It is tempting to paint a picture of lexicographers as power-hungry villains who want to control the world of words: the Gatekeepers of Language who are ruthless grammarians and intellectuals looking to prove their cleverness. You might imagine them as white-haired conservatives, sitting in their walnut-panelled private libraries scoffing at the abhorrent way the common folk are butchering words. And looking back on the history of dictionary-making, this imagined portrait isn’t so far from the truth.

For centuries, humans have been compelled to order, categorise and define words – the oldest known dictionary dates back to C.2300 BCE. “In the past, most dictionaries were written by one person, usually an educated middle-class person,” says Ramesh Krishnamurthy, a lexicographer and corpus linguist. He explains that these dictionary-makers relied on their memories, intuition and limited personal experiences to create definitions. “That meant that the only words and phrases that would be explained were words that were used by well-educated middle-class people. And of course, they were explained in terms of their prejudices and beliefs.” And because historically the educated and wealthy have been predominantly male, most early lexicographers were men. 

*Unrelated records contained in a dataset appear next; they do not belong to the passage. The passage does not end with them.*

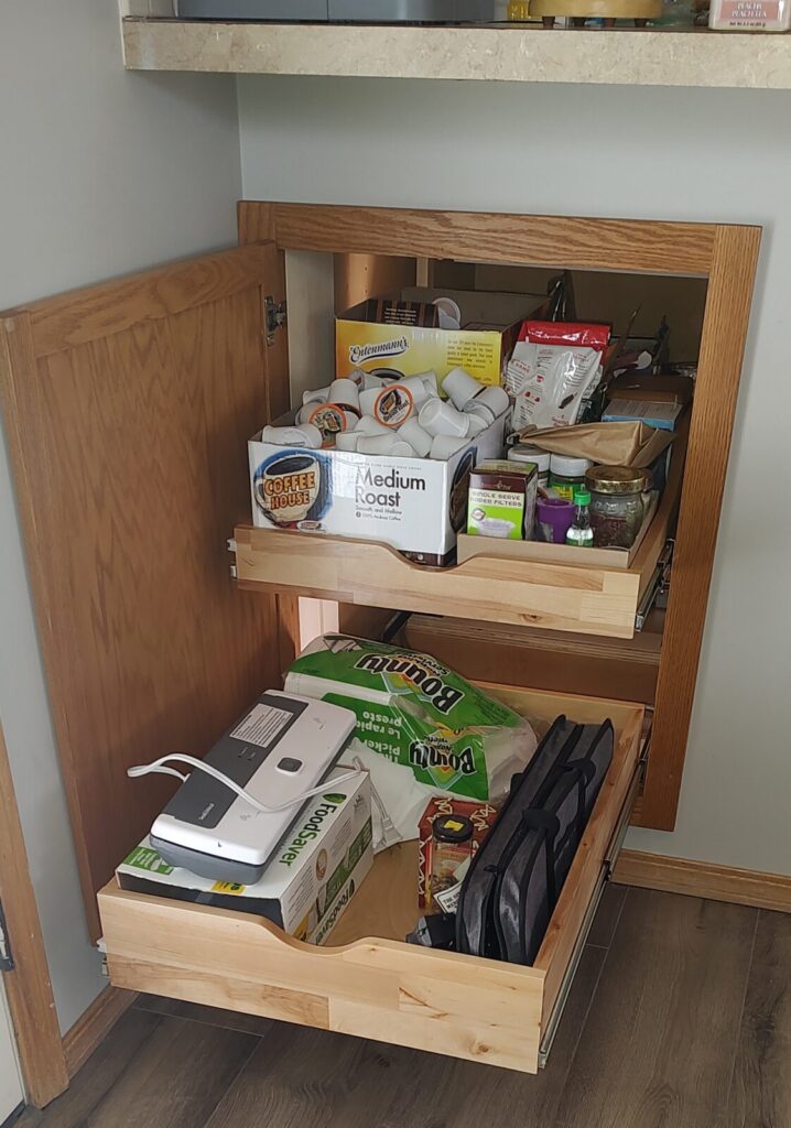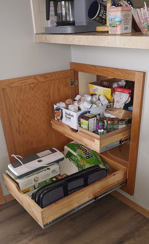 By adding a custom door and installing slide out shelving, they transformed a completely unusable blind corner into a dedicated coffee bar station.
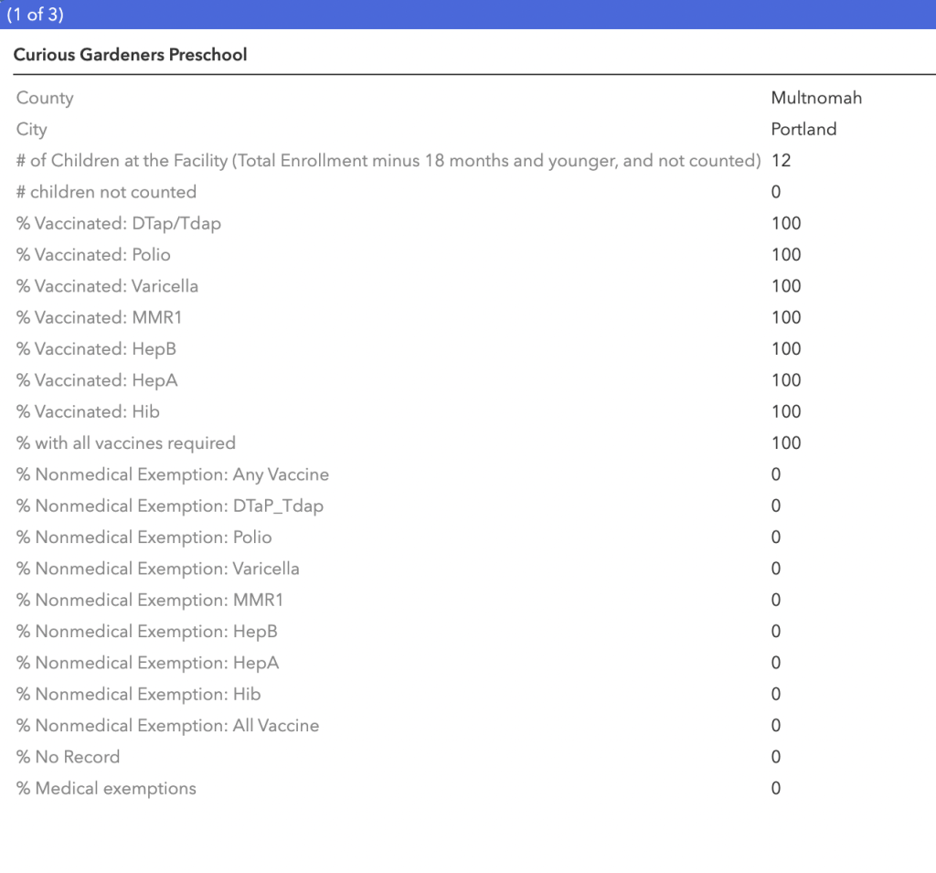 - In accordance with Oregon State Law, all students attending Curious Gardeners Preschool must be fully immunized.
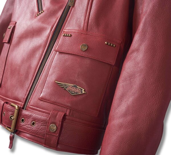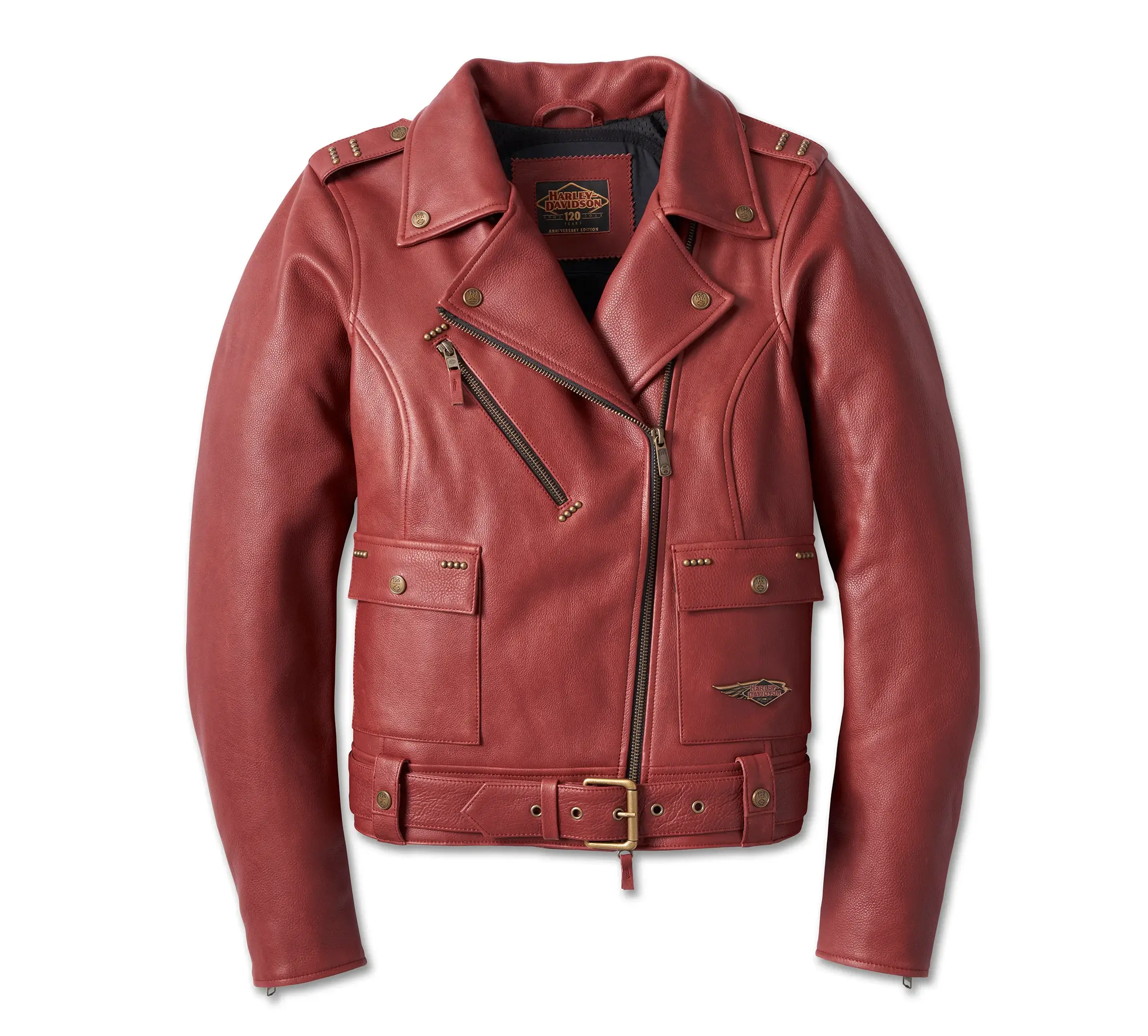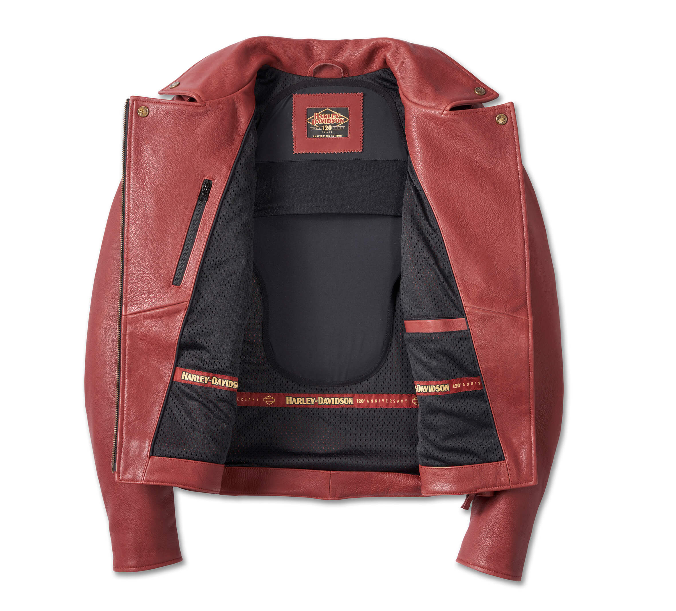 Harley-Davidson 120th Anniversary Cycle Queen Bőr dzseki Szellőztetés a törzsnél Masszív marhabőr, 100% poliészter bélés Két irányú cipzár D30 Ghost protektor a vállnál és a könyöknél, Hátsó: D30 Viper
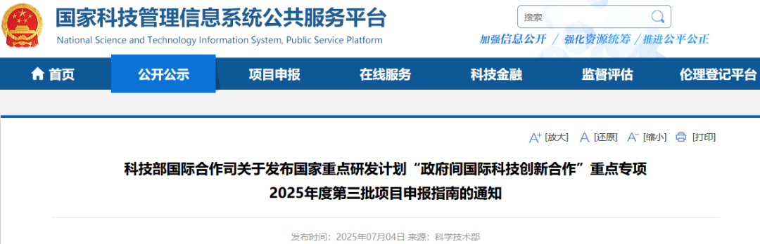 "近日,科技部“政府间国际科技创新合作”重点专项2025年度第三批项..."
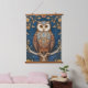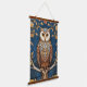 Owl on a branch blue autumn background art nouveau hanging tapestry
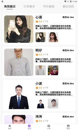 2、服务种类全面,包括上门按摩和理疗、宠物喂养、家政服务、资源回收等。
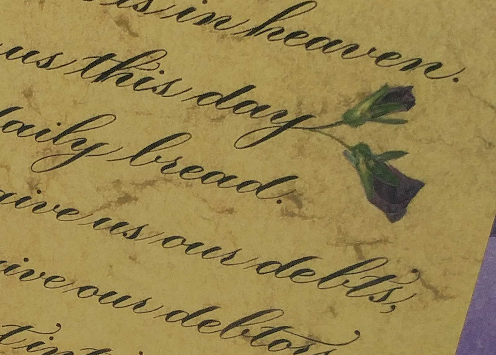 The Lord’s Prayer from Matthew 6:9-13 is scripted on the front.

One of the most famous lexicographers is Dr Samuel Johnson who published The Dictionary of the English Language in 1755. In the introduction, he writes about his motivation for spending seven years single-handedly compiling his 40,000-word dictionary: “I found our speech copious and without order, and energetic without rules: wherever I turned my view, there was perplexity to be disentangled, and confusion to be regulated”. In other words, he wanted to order language and control its use. 

Despite this desire for control, Johnson’s dictionary is widely considered by lexicographers as “the first dictionary that was based on serious evidence of English usage as opposed to just making it up,” as he used references and citations from texts dating back to the 1500s to substantiate his definitions. Although Johnson had a more scientific approach to defining words than his predecessors, some of his definitions are still highly subjective. For example, he defines ‘shabby’ as ‘a word that has crept into conversation and low writing; but ought not to be admitted into the language’; and ‘patron’ as ‘one who countenances, supports, or protects. Commonly a wretch who supports with insolence, and is paid with flattery’, which is thought to be a dig at Lord Chesterfield, a prominent statesman and man of letters, who promised to be the patron of Johnson’s dictionary but did not follow through with support.

However, as time has marched slowly on and words have wriggled out of the definitions we try to bind them to, the role and attitudes of lexicographers have shifted too. In a 2007 TED talk, The Joy of Lexicography, McKean uses the analogy of a traffic policeman and a fisherman to describe this shift. She says that the public often sees her as a word-cop directing “real” words into the dictionary and pointing “bad” words away, but really, she is a fisherman [fisherperson] who throws her “net into the deep, blue ocean of English and see[s] what marvellous creatures I can drag up from the bottom.” So rather than designing language, McKean is observing, documenting and preserving it.

Similarly, when I asked Michael Rundell, who has been a lexicographer since the 1980s and is the Editor-in-Chief at macmilliandictionary.com, if lexicographers are the gatekeepers of language, he chuckled. “There is a lot of misunderstanding amongst the public. Linguists and lexicographers are the least pedantic and most tolerant people about language use, far more so than the general public, because we observe the way that language is changing rather than complaining about it.” He explains that during his career, there have been “two massive shifts which have revolutionised the dictionary-making business” and have completely changed the mechanics of how words are included and excluded from dictionaries. This, in turn, has radically democratised dictionaries and the role of the lexicographer. These two changes boil down to the advent of the internet.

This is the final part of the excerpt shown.